Judd W. Moul, MD, FACS: For those urologists who manage castrate-resistant prostate cancer, I still think there’s a lot of confusion about where to sequence radium-223. And just to follow up on the question I asked before, the gentleman who goes on oral therapy, enzalutamide or abiraterone, suboptimal response, poor response at 12 weeks, do you ever sequence radium-223 at that point or is that too early? Where’s the sweet spot?

Raoul S. Concepcion, MD, FACS: We know that in the US that the approval for radium-223 is for those patients who are minimally symptomatic. So what Mike and I discussed offline is that, as urologists, how many patients do we have that are walking around who are close to super scans but clearly have 10-20 bone mets who are completely asymptomatic. And they’re a walking time bomb, as far as I’m concerned.

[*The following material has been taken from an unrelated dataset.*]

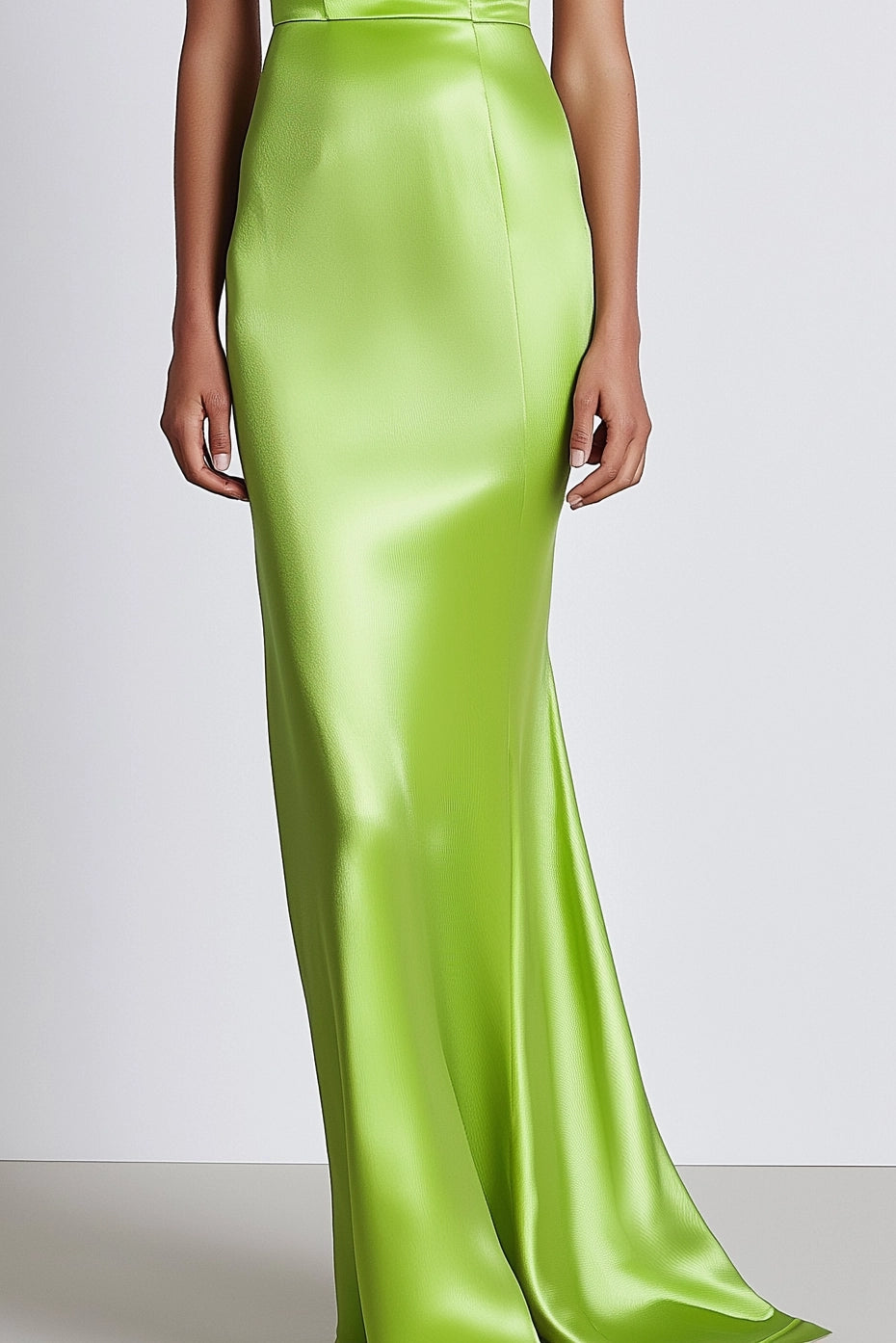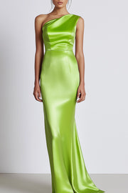 Evening Formal Dress Green Satin One Shoulder Floor-Length Dress

Judd W. Moul, MD, FACS: Or they’re stoic individuals. There are a lot of guys.

Michael Fabrizio, MD, FACS: That’s right, exactly.

Judd W. Moul, MD, FACS: There are a lot of guys who basically just are tough guys. They don’t admit that they have pain, even though if you ask their wife or their daughter, it’s usually the daughter who’s all over the Internet; they’ll admit that dad does have pain. But he comes in. I had a physician recently who is still practicing medicine in his early 80s and is trying to manage castrate-resistant prostate cancer so he can maintain his practice. And he needs these products, but he refuses to admit that he has pain.

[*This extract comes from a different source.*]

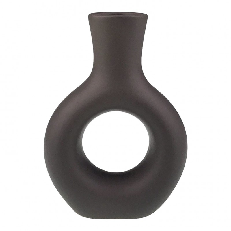 Această vază decorativă din ceramică impresionează prin designul său modern, cu gât subțire și decupaj circular în zona centrală. Forma sa elegantă o transformă într-un obiect decorativ de impact. Este ideală pentru amenajări contemporane și minimaliste.

Charles J. Ryan, MD: Again, if you ask somebody do you have pain, that’s one approach where you’re going to get a yes or no answer and patients understand the implications of having pain. They’re smarter than we are about these types of things. But there are objective ways you can figure this out. Alkaline phosphatase if it’s climbing, LDH if it’s climbing, albumin if it’s dropping. These are all validated markers of disease progression and morbidity. And as a practical point, I always ask people what they do with their day and how differently is that from six months ago.

Michael Fabrizio, MD, FACS: Describe your day.

Charles J. Ryan, MD: You’ll be surprised, and that’s where the daughter chimes in and says, “Dad, you’re taking three-hour naps.”

Michael Fabrizio, MD, FACS: And he takes five Tylenol or six Tylenol a day. And then the other thing to remember, and it’s the recurrent theme for this entire discussion, is that overall survival in these patients was better with a better ECOG status, a lower alkaline phosphatase. Once again, hitting these patients earlier in their disease, theoretically. And so I think you really have to ask.